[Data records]
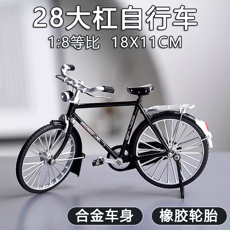 怀旧二八大杠合金车模摆件 28单车经典 自行车模型拼装 手动diy组装
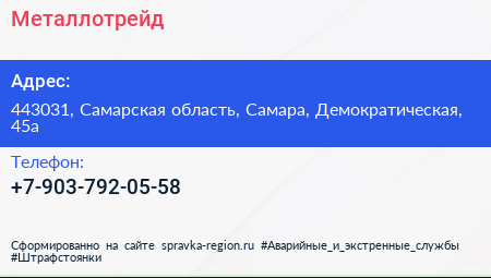Металлотрейд по адресу 443031, Самарская область, Самара, Демократическая, 45а в дальнейшем Организация, размещена в следующих категориях:
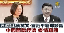 外媒關注蔡英文習近平新年談話 中國面臨經濟.疫情難題
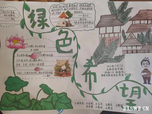 图为实践团成员和孩子们制作“美丽乡村”主题的“景真时报”,供图张蓉
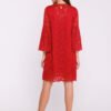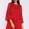 A unique trapeze double layer dress that combines classic elegance with romantic details. Made of smooth fabric on the bottom, while the outer layer is a delicate lace, which gives the whole a subtle and sophisticated look. The elbow-length sleeves are finished with a charming frill, introducing lightness and a feminine touch. The knee-length dress provides comfort and freedom of movement. Worn over the head, it has a discreet clasp at the back for easy donning. Designed and sewn in Poland, it impresses with the quality of workmanship and attention to detail. Ideal for special occasions, when you want to feel stylish and elegant.
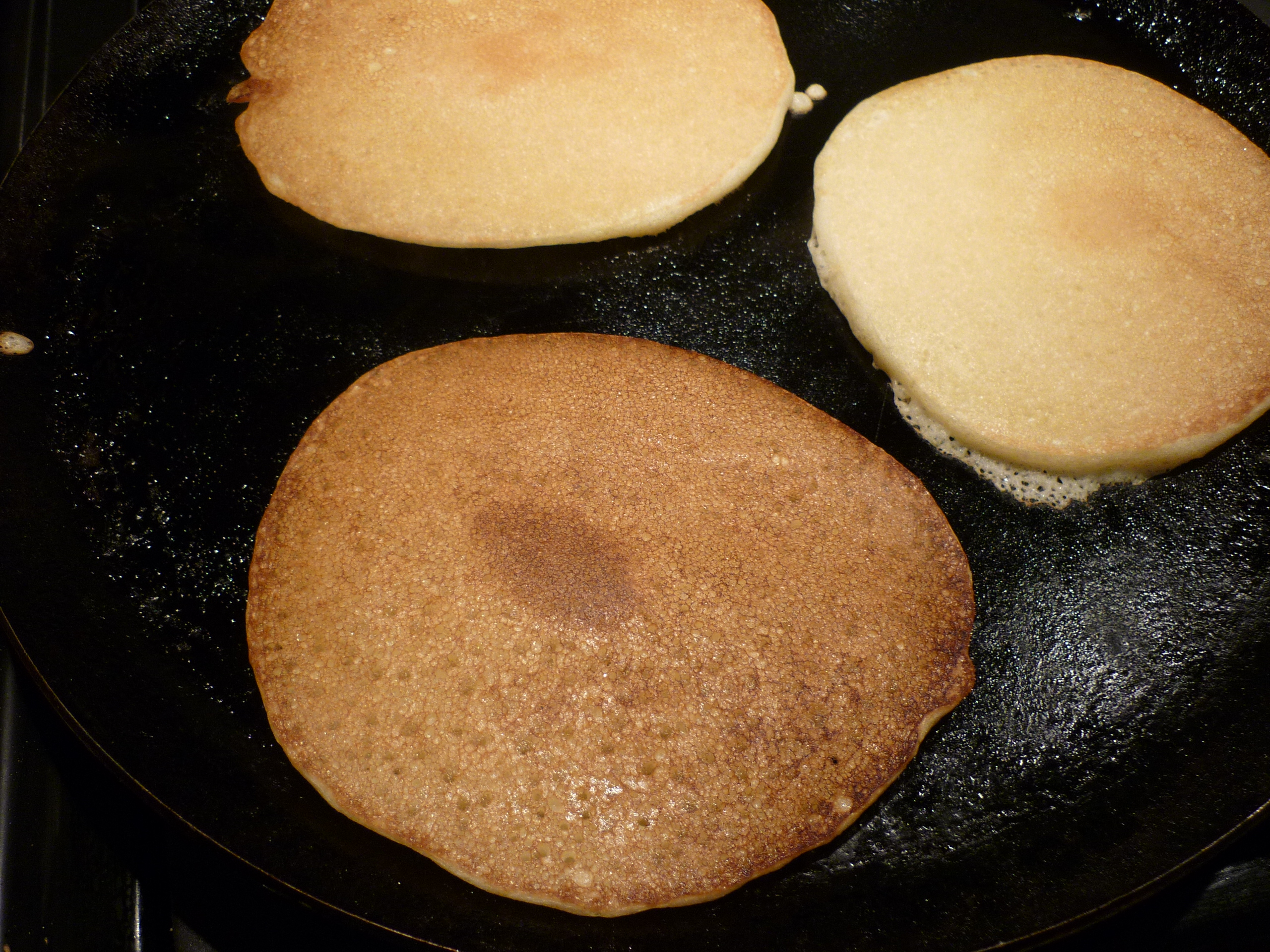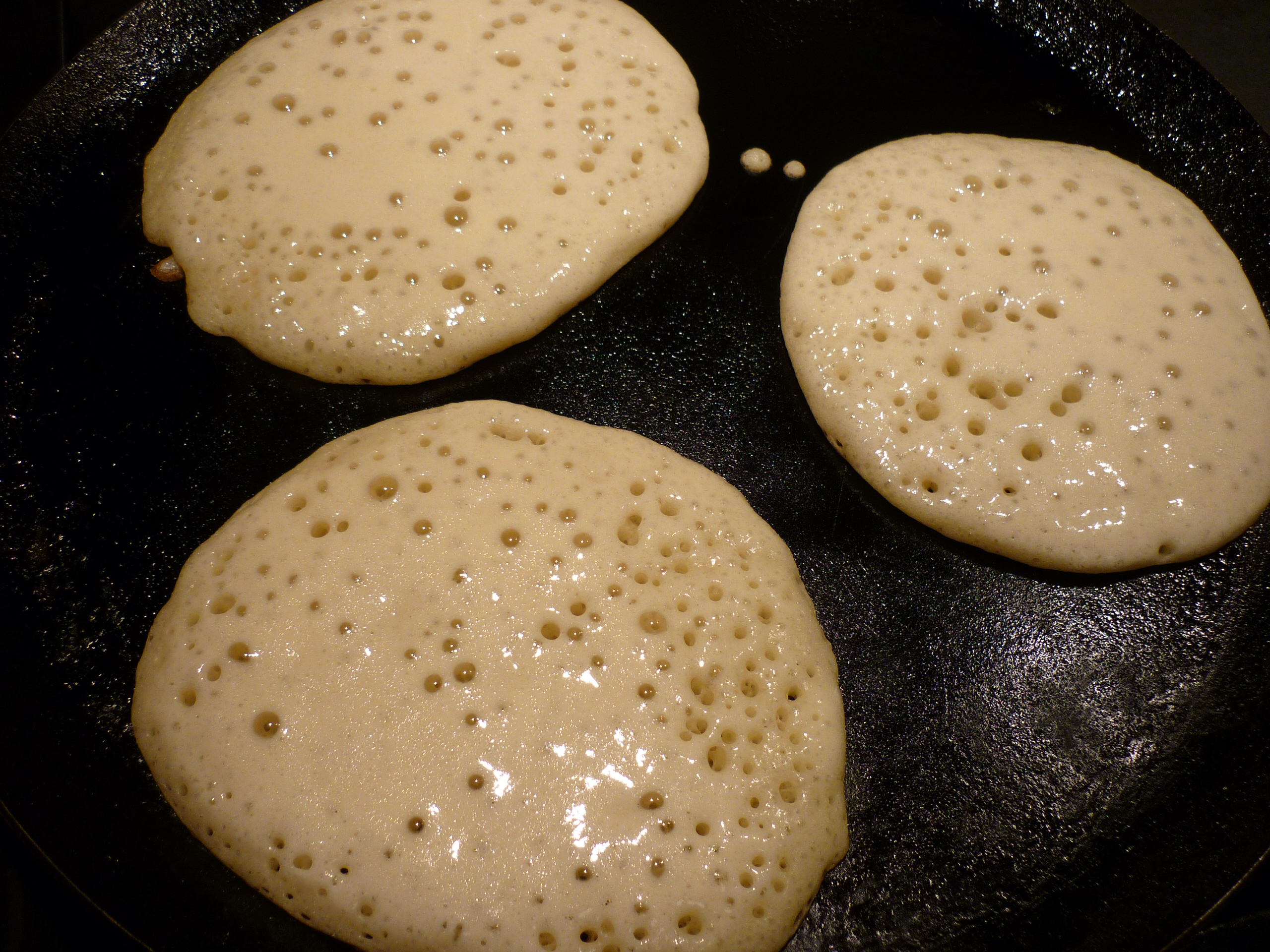The night before you want to make pancakes, either add 2 cups warm water and 2 cups flour to ½ cup starter or make the starter recipe above. [Remember that using the Quick, Overnight Sourdough Starter recipe doesn’t yield much sourdough flavor if used the next day.] The next morning remove ½ cup starter to save and feed for other uses.
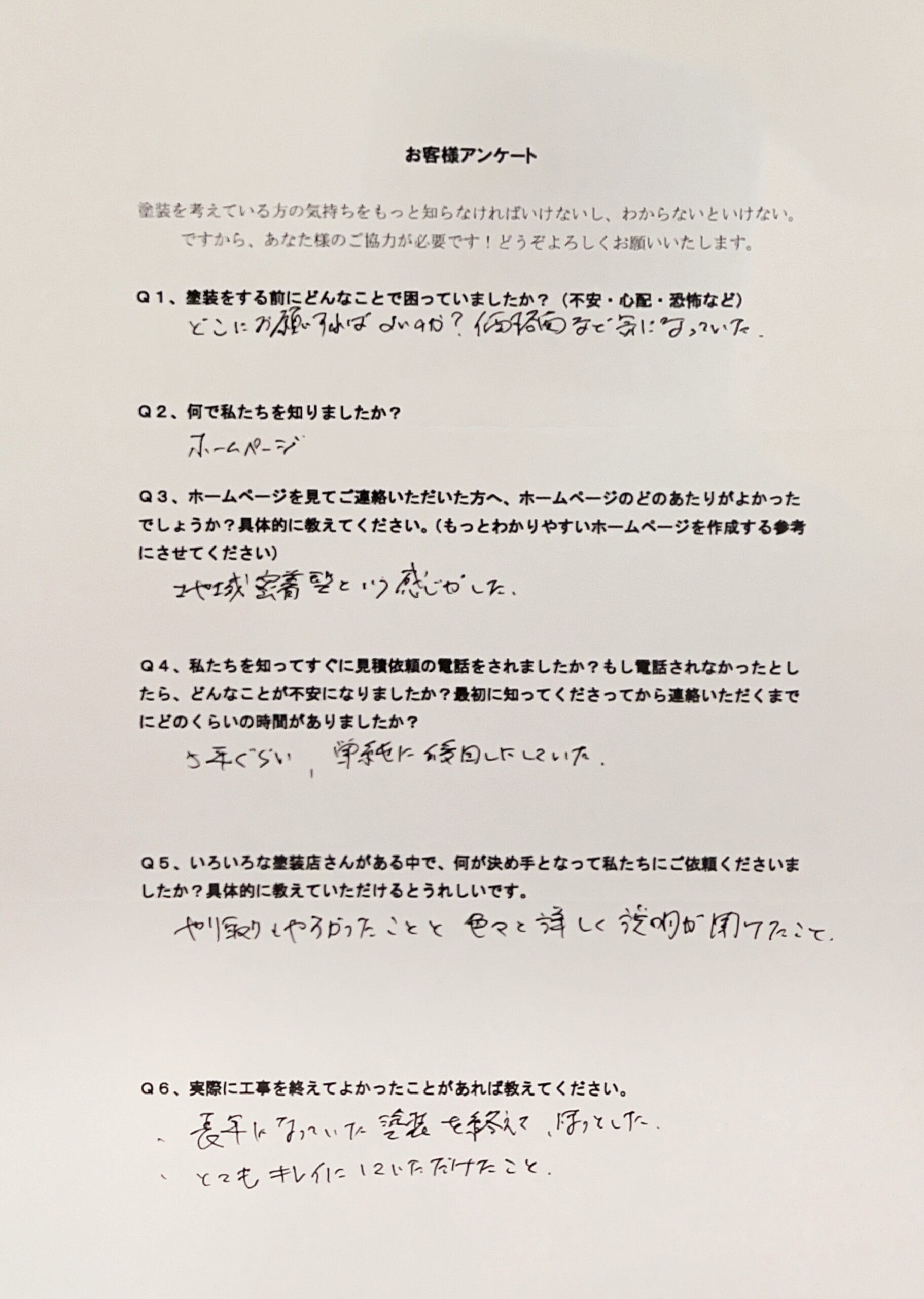 長年になっていた塗装を終えてほっとした。とてもキレイにしていただけたこと
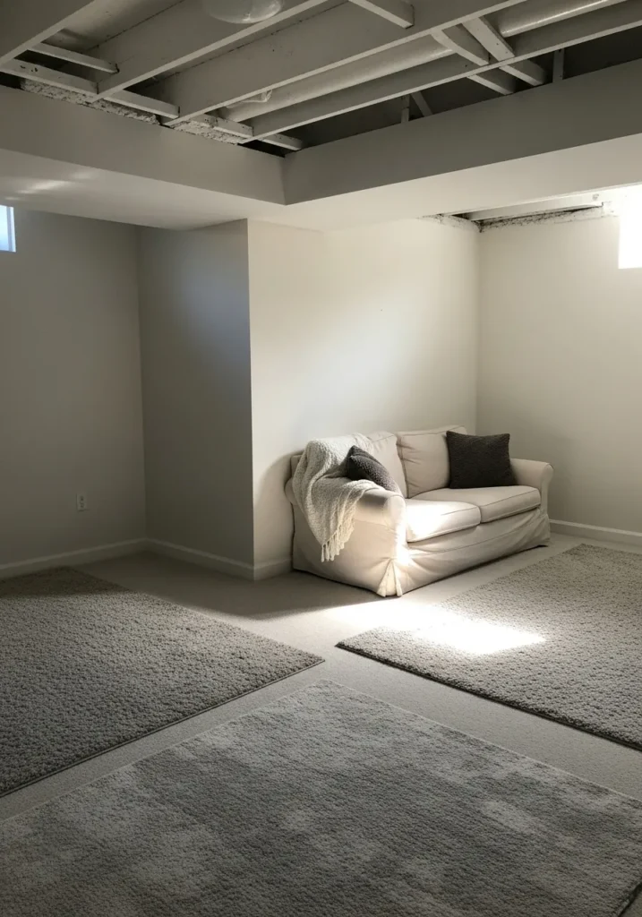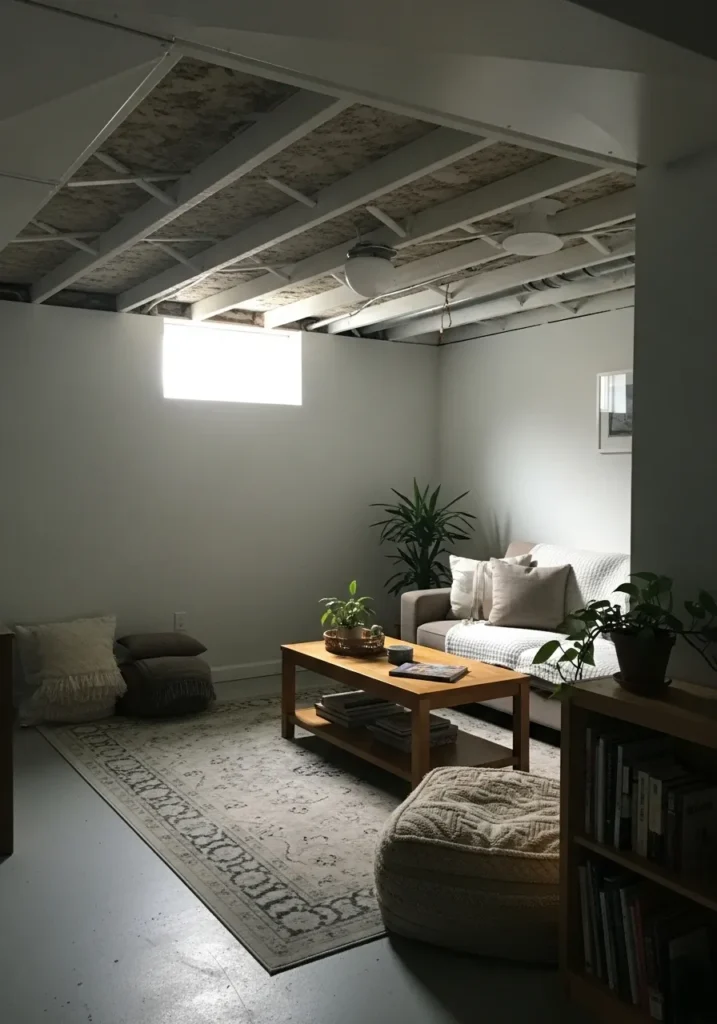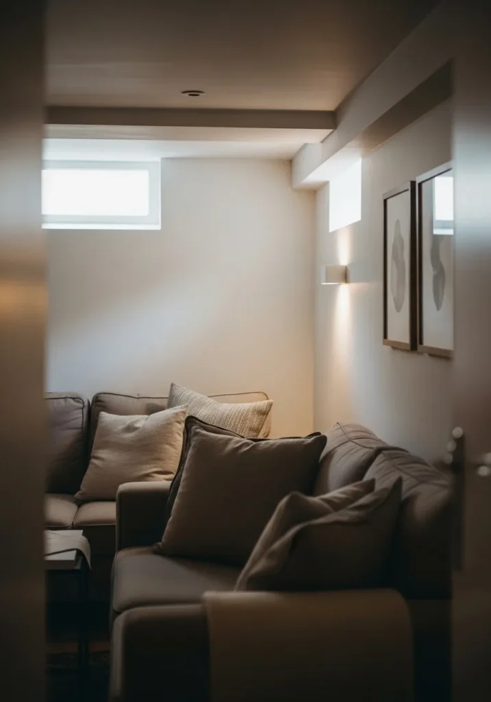 Soft White Basement Seating Area With Gentle Light
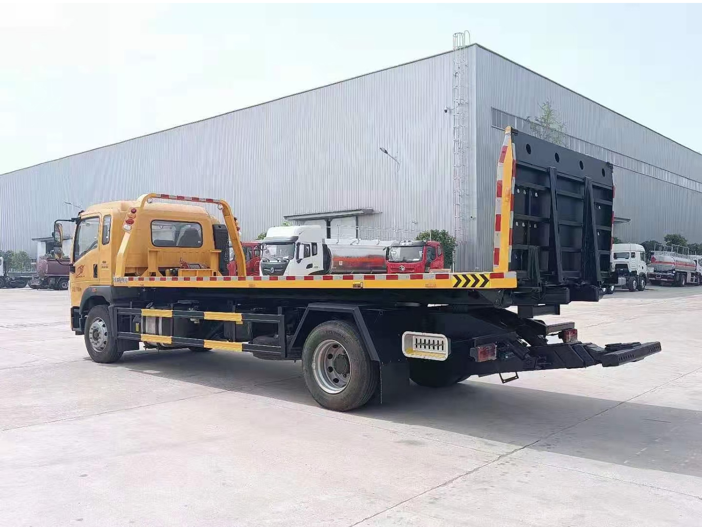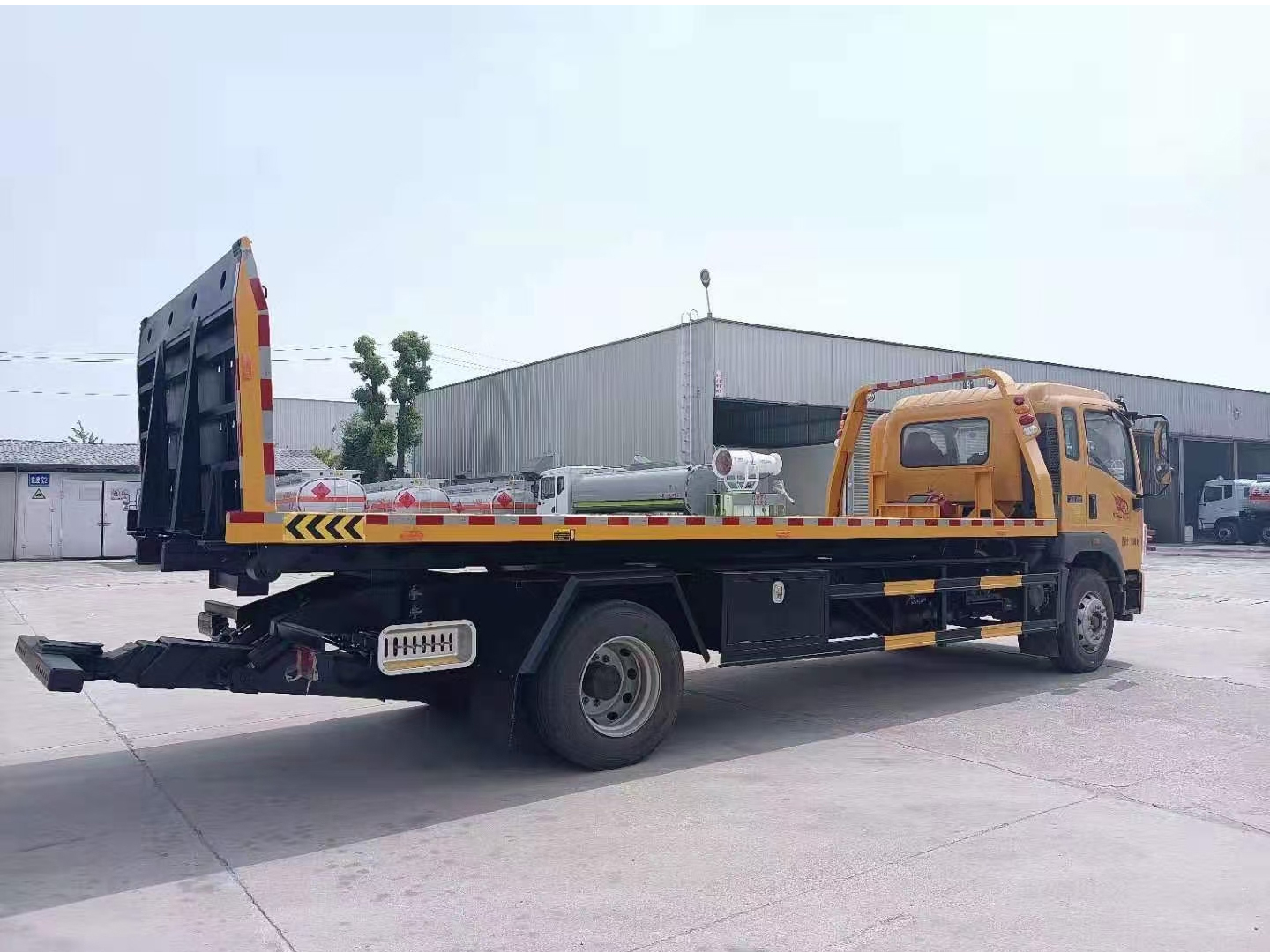 | 整车说明: | 1、该车用途为道路故障车辆、城市违章车辆及抢险救援等;主要专用装置为平板,绞盘,油缸.驾驶室准乘人数2人时,整备质量(kg)/托举质量(kg)对应关系为:8900/8970,9860/8010,11260/6610;驾驶室准乘人数3人时,整备质量(kg)/托举质量(kg)对应关系为:8900/8905,9860/7945,11260/6545.2、侧防护材料为Q235,侧防护螺栓联接和焊接,后防护由专用装置代替,下边缘离地高330mm.3、仅采用4700mm,5200mm,5600mm轴距底盘,ABS系统型号为XH-KQ4S4M-E01,生产企业为广州市西合汽车电子装备有限公司;型号为CM4XL-4S/4M,生产企业为广州瑞立科密汽车电子股份有限公司.选装驾驶室样式,选装后部结构样式。 | ||

#### WORK INSTRUCTION
Give the data again exactly. Keep the images out.

#### ANSWER TO THIS TASK
 怀旧二八大杠合金车模摆件 28单车经典 自行车模型拼装 手动diy组装
Металлотрейд по адресу 443031, Самарская область, Самара, Демократическая, 45а в дальнейшем Организация, размещена в следующих категориях:
 外媒關注蔡英文習近平新年談話 中國面臨經濟.疫情難題
 图为实践团成员和孩子们制作“美丽乡村”主题的“景真时报”,供图张蓉
 A unique trapeze double layer dress that combines classic elegance with romantic details. Made of smooth fabric on the bottom, while the outer layer is a delicate lace, which gives the whole a subtle and sophisticated look. The elbow-length sleeves are finished with a charming frill, introducing lightness and a feminine touch. The knee-length dress provides comfort and freedom of movement. Worn over the head, it has a discreet clasp at the back for easy donning. Designed and sewn in Poland, it impresses with the quality of workmanship and attention to detail. Ideal for special occasions, when you want to feel stylish and elegant.
The night before you want to make pancakes, either add 2 cups warm water and 2 cups flour to ½ cup starter or make the starter recipe above. [Remember that using the Quick, Overnight Sourdough Starter recipe doesn’t yield much sourdough flavor if used the next day.] The next morning remove ½ cup starter to save and feed for other uses.
 長年になっていた塗装を終えてほっとした。とてもキレイにしていただけたこと
 Soft White Basement Seating Area With Gentle Light
 | 整车说明: | 1、该车用途为道路故障车辆、城市违章车辆及抢险救援等;主要专用装置为平板,绞盘,油缸.驾驶室准乘人数2人时,整备质量(kg)/托举质量(kg)对应关系为:8900/8970,9860/8010,11260/6610;驾驶室准乘人数3人时,整备质量(kg)/托举质量(kg)对应关系为:8900/8905,9860/7945,11260/6545.2、侧防护材料为Q235,侧防护螺栓联接和焊接,后防护由专用装置代替,下边缘离地高330mm.3、仅采用4700mm,5200mm,5600mm轴距底盘,ABS系统型号为XH-KQ4S4M-E01,生产企业为广州市西合汽车电子装备有限公司;型号为CM4XL-4S/4M,生产企业为广州瑞立科密汽车电子股份有限公司.选装驾驶室样式,选装后部结构样式。 | ||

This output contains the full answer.